March 20, 2018

The Facebook "data breach that wasn't a data breach": Data of 50 million users was "legitimately" collected from users, and was then used in ways it wasn't supposed to be used. Government calls for regulation. European governments are already implementing data privacy controls. Are we now on the verge of a new age of privacy and control of our online presence?

For the longest time, privacy experts have been warning us about the fact that we, as ordinary people, have been compromising our privacy by giving control of our data to external parties, recently most notably to social networks, and most notably of those, Facebook. Many times giving these warnings turns out to be somewhat futile, however, because often it comes to appear that people do not care about their privacy. We would acknowledge and understand the warnings, yes.. And then continue as before. I'm sure most of us can relate.

However, recent developments in this space have now suddenly started to paint a somewhat different picture. There was a "data breach that was not a data breach" on Facebook, where data of 50 million users was "legitimately" collected from Facebook users, and was then submitted forward and was used for things that it wasn't supposed to be used for. For many of us, this is not news. We knew that this is how it works, and this is precisely what we've been warning people about. But suddenly, it seems, perhaps the time is finally ripe for us to now collectively understand and appreciate this. And this tells me that we just might be on the verge of a great change in how things work in this world.

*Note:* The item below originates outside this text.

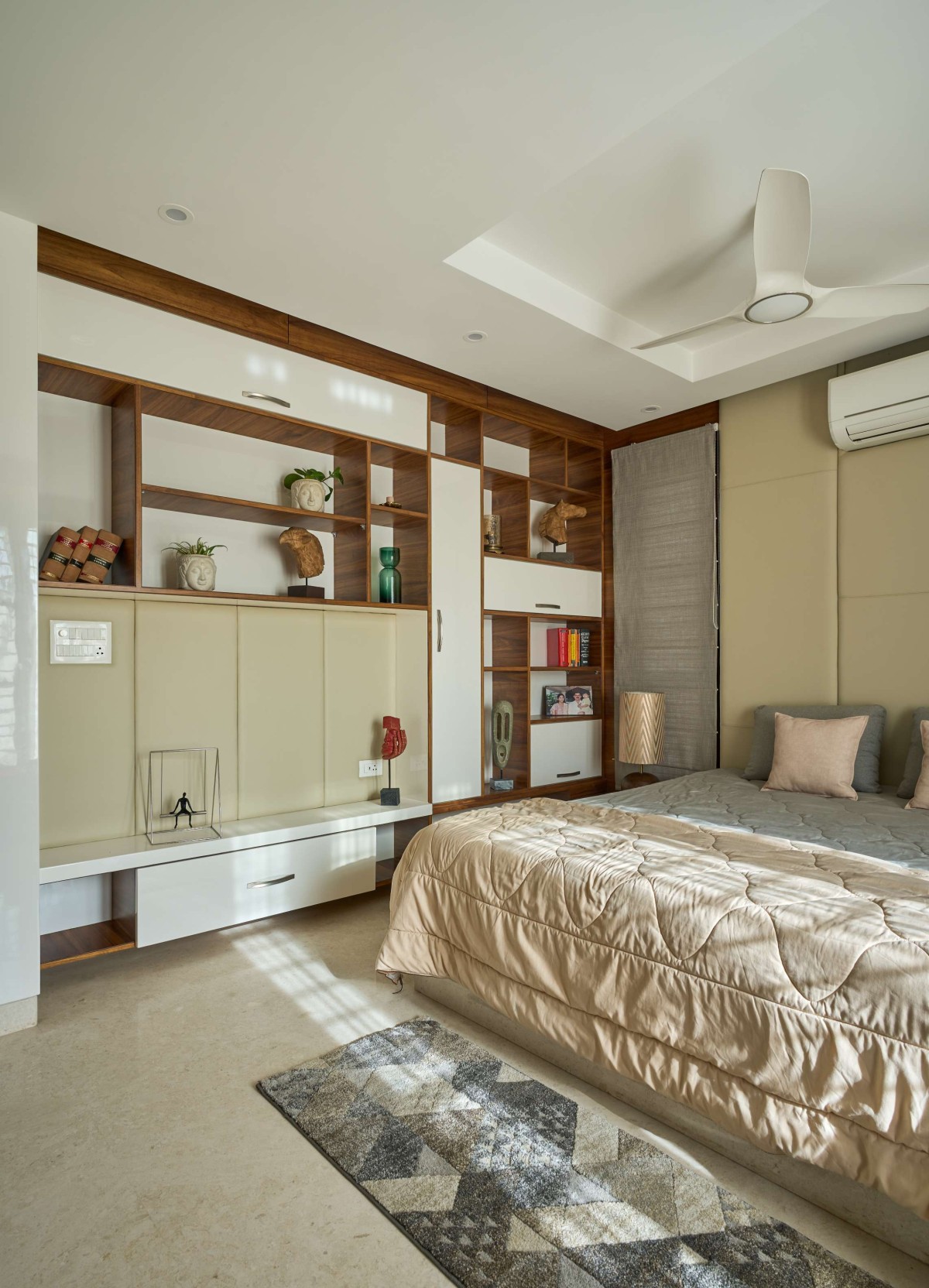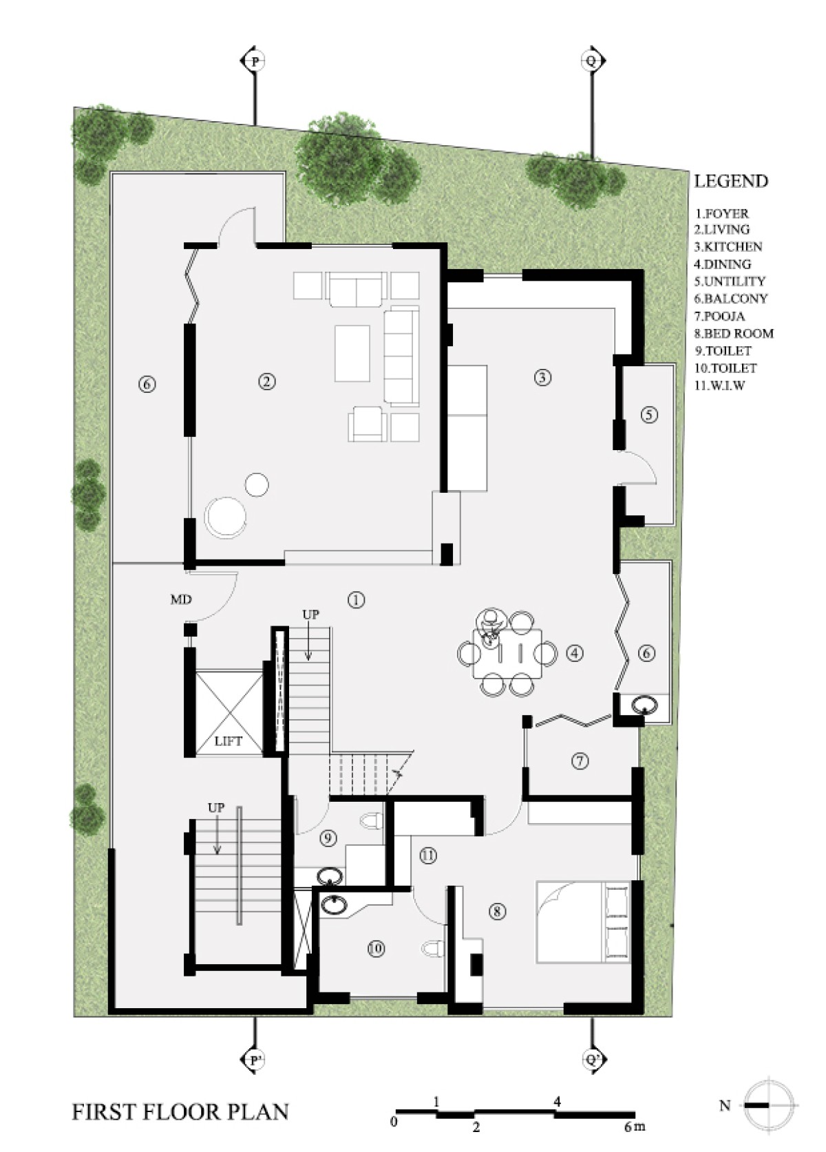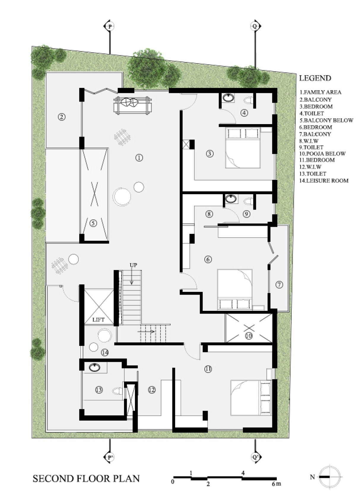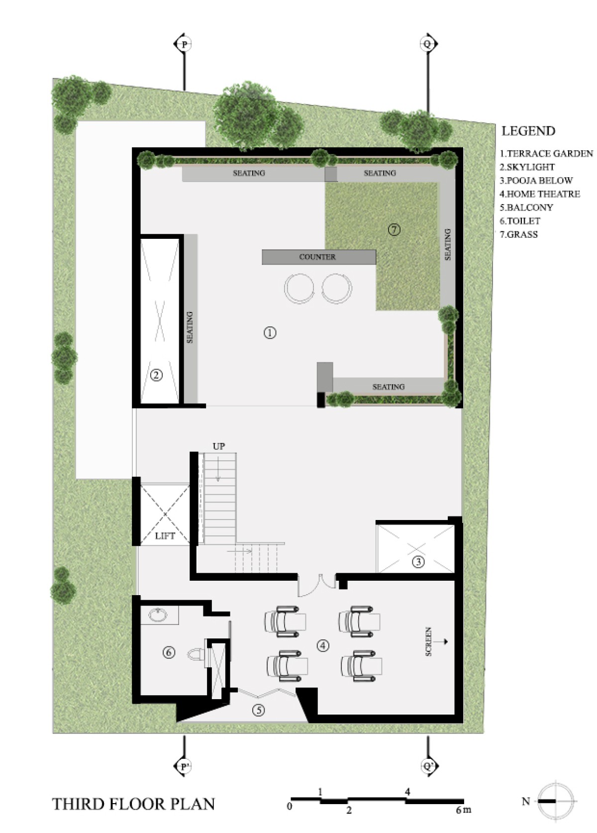The first floor is dedicated to the family with all private spaces like the kitchen, dining and living spaces located there. The second floor is designed to be completely private with the bedrooms located there. The stairs continue up to a third floor that provides access to the entertainment zone that houses a home theatre, gym and a roof garden.

The issue with Facebook has escalated tremendously, and in a very short time. Beyond the actual issue, it has been noted that Facebook doesn't seem to know how to handle this, and the fact that Zuckerberg and Sandberg (the CEO and COO of Facebook) are not tackling the issue, but are instead remaining silent and, indeed do not engage. This has further been interpreted, perhaps validly so, as a breakdown or complete lack of leadership from the leaders of Facebook, escalating ever further to suggestions for Zuckerberg to step down and analysis on how Sandberg would be a much better leader anyway. And as this continues, the FB leaders continue to stay silent, further escalating this to headlines that say "Facebook failing" and "existential crisis for Facebook". It escalates even further when we hear that Facebook executives, particularly Zuckerberg, seem to be selling their shares and that the Facebook share price is obviously falling through the floor while all this is happening.

While it might be a little bit too much to conclusively declare that "Facebook is failing" because of this, more cautiously I can confidently say that something very notable is happening. And as many commentators have well pointed out, these are all symptoms of a deep underlying problem (which we all knew and have been warning about), where we as users have given up our privacy to these corporations (not only Facebook) that collect and sell our data, and it gets used for things that we did not authorize, and would not accept if ever we had been asked.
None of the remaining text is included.